Data excerpts:
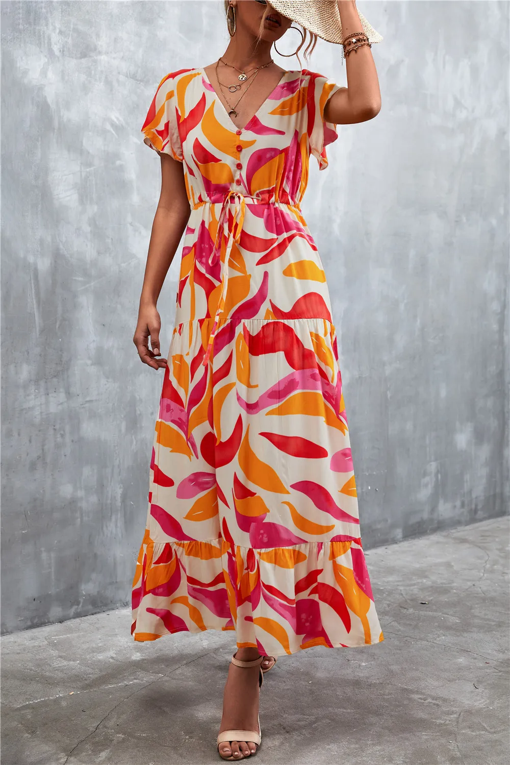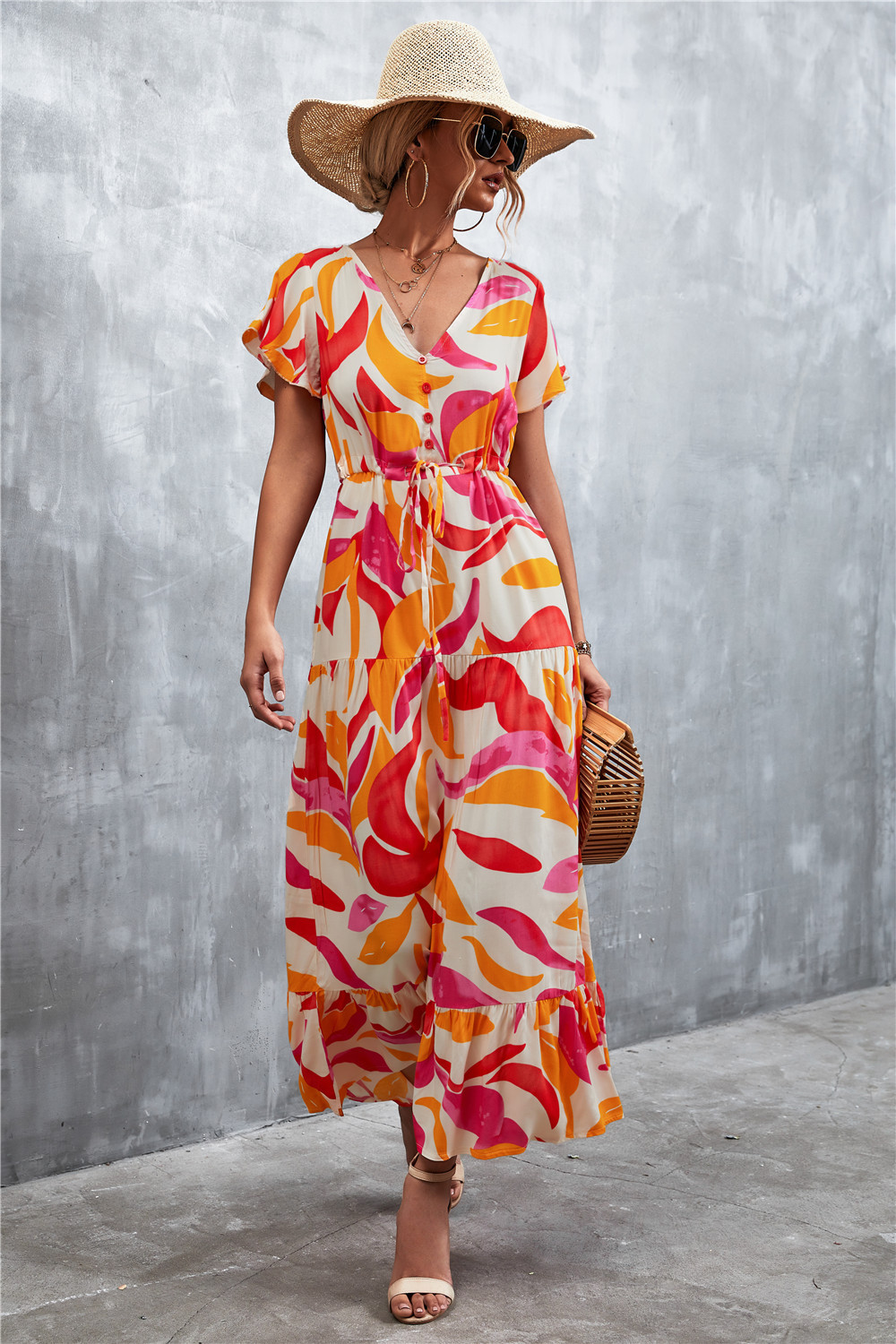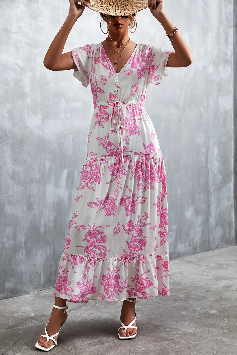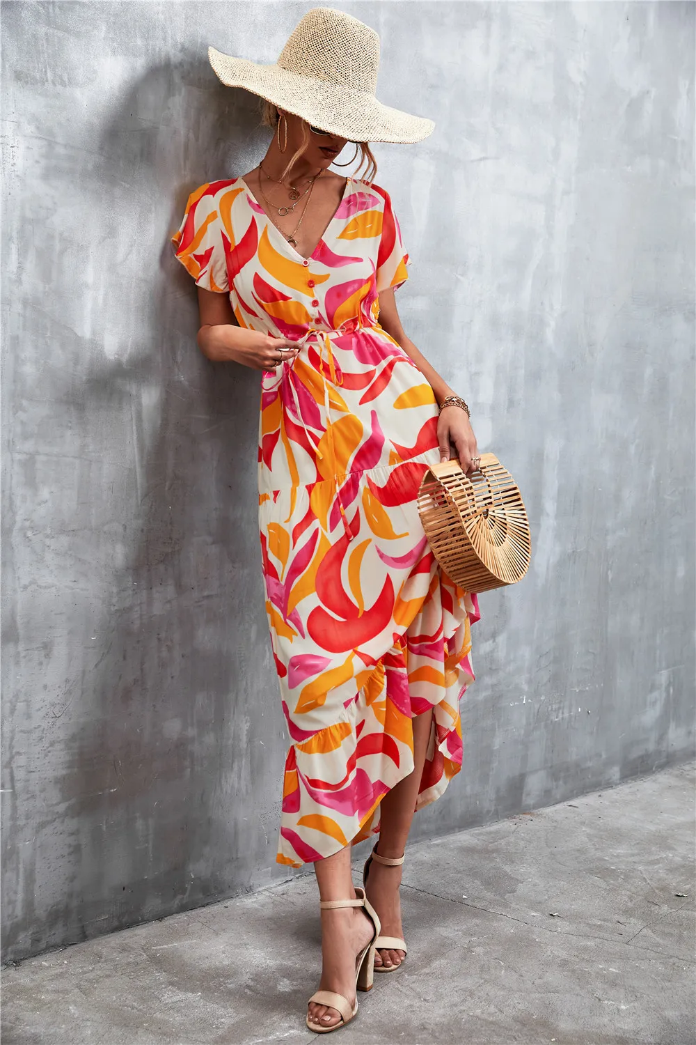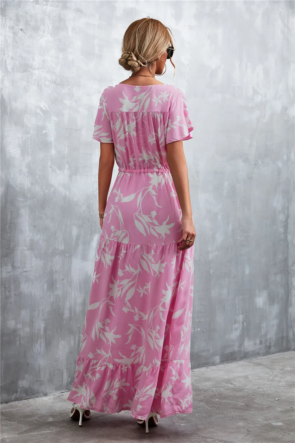 Women Floral Print Short Sleeve Beach Bohemian Maxi Dress Robe Ladies V-neck Boho Dresses Vestidos Ropa De Mujer 2022 Fashion
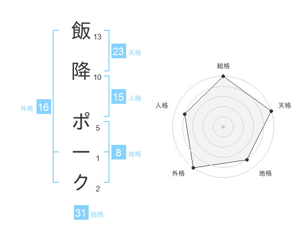 飯降 ポークさんを姓名の画数から五運を鑑定
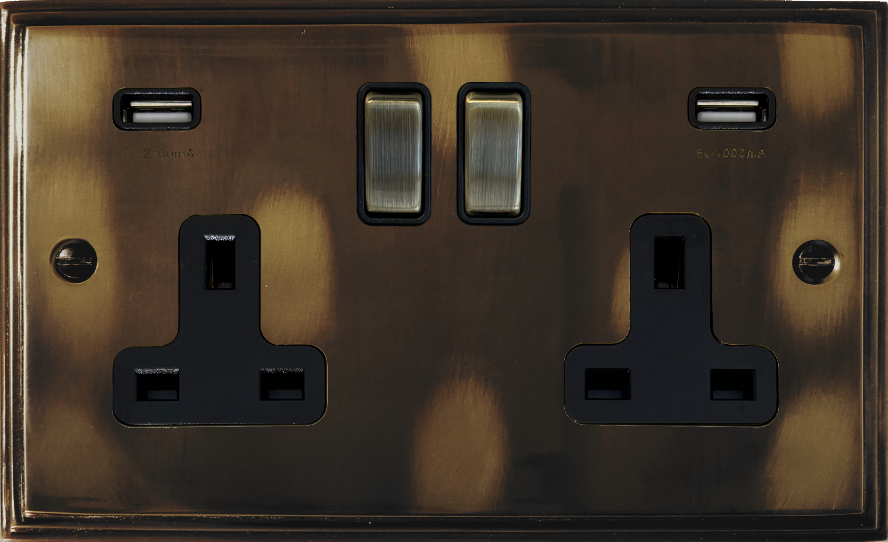 Cast Aged Brass Double Socket with USB - G+H VAN3910
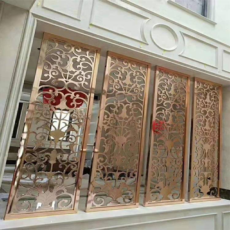 苏州古典现代端庄款钛金铜艺浮雕屏风花格玄关厂家YX-628
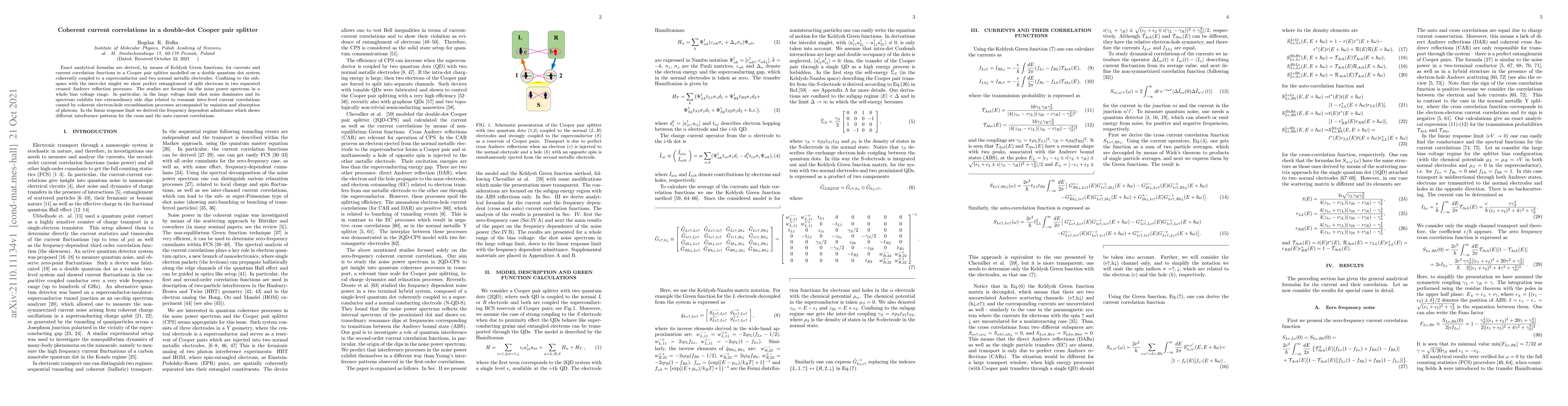 This paper derives exact analytical formulas for current and correlation functions in a double-dot Cooper pair splitter, showing perfect entanglement of split electrons. It highlights shot noise dominance at high voltages, revealing unique side dips in the noise spectrum due to coherent electron-hole recombination, and provides frequency-dependent admittance with distinct interference patterns for cross and auto current correlations.
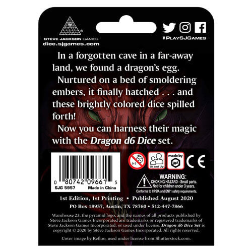 ¡Aprovecha la magia! En una cueva olvidada en una tierra lejana, encontramos un huevo de dragón. Criado en un lecho de brasas humeantes, finalmente eclosionó. . . ¡Y estos dados de colores brillantes se derramaron! Esa es nuestra historia, de todos modos.
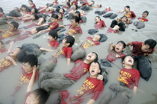 韩国小学生在安山 Daebu 的新兵训练营,很多孩子在喊“妈妈”
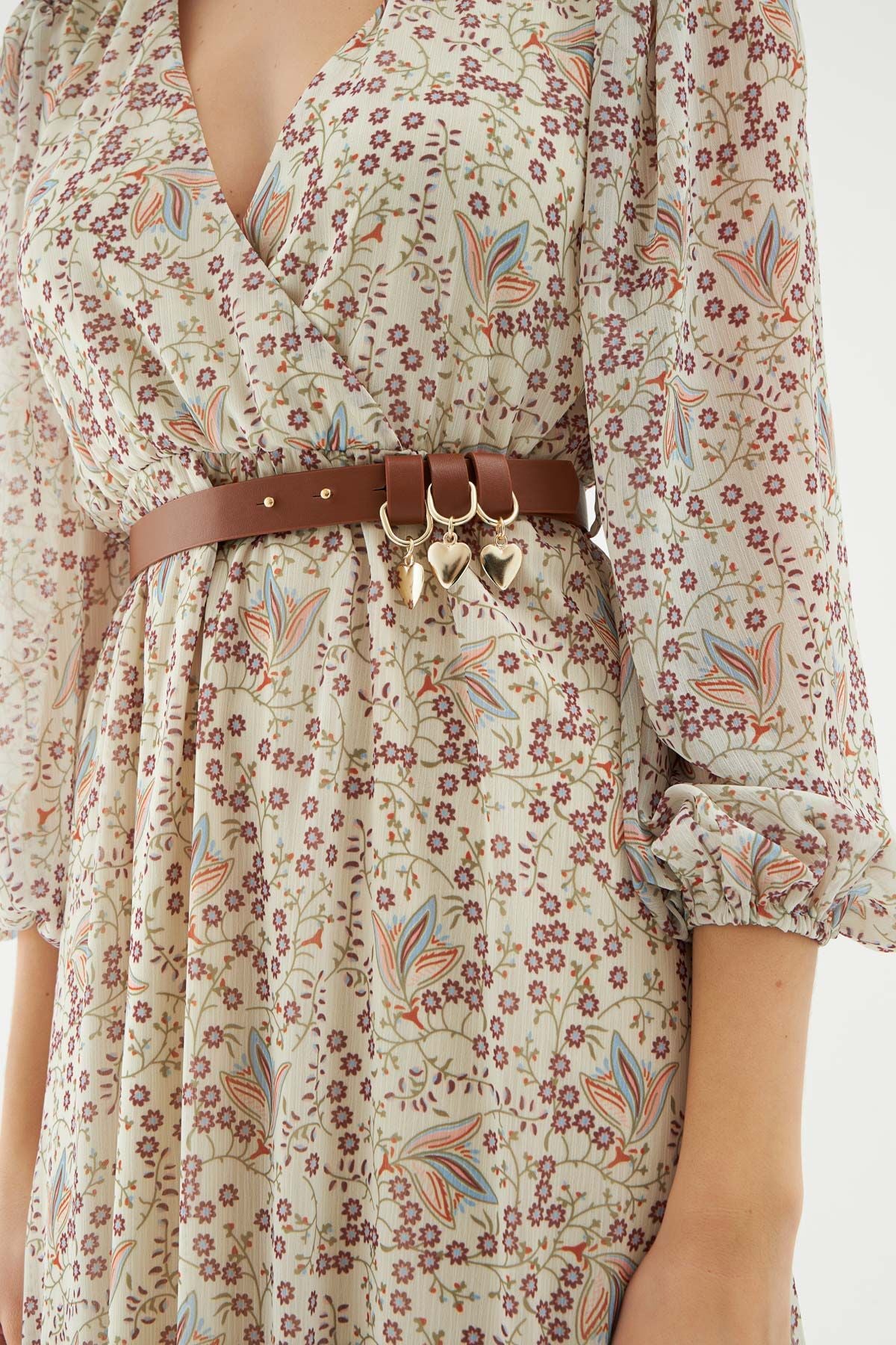 Kemerli Kruvaze Elbise Bej

• [WORK INSTRUCTIONS]: The records above should be repeated exactly, with no pictures in the copy.

• [TASK SOLUTION]:
 Women Floral Print Short Sleeve Beach Bohemian Maxi Dress Robe Ladies V-neck Boho Dresses Vestidos Ropa De Mujer 2022 Fashion
 飯降 ポークさんを姓名の画数から五運を鑑定
 Cast Aged Brass Double Socket with USB - G+H VAN3910
 苏州古典现代端庄款钛金铜艺浮雕屏风花格玄关厂家YX-628
 This paper derives exact analytical formulas for current and correlation functions in a double-dot Cooper pair splitter, showing perfect entanglement of split electrons. It highlights shot noise dominance at high voltages, revealing unique side dips in the noise spectrum due to coherent electron-hole recombination, and provides frequency-dependent admittance with distinct interference patterns for cross and auto current correlations.
 ¡Aprovecha la magia! En una cueva olvidada en una tierra lejana, encontramos un huevo de dragón. Criado en un lecho de brasas humeantes, finalmente eclosionó. . . ¡Y estos dados de colores brillantes se derramaron! Esa es nuestra historia, de todos modos.
 韩国小学生在安山 Daebu 的新兵训练营,很多孩子在喊“妈妈”
 Kemerli Kruvaze Elbise Bej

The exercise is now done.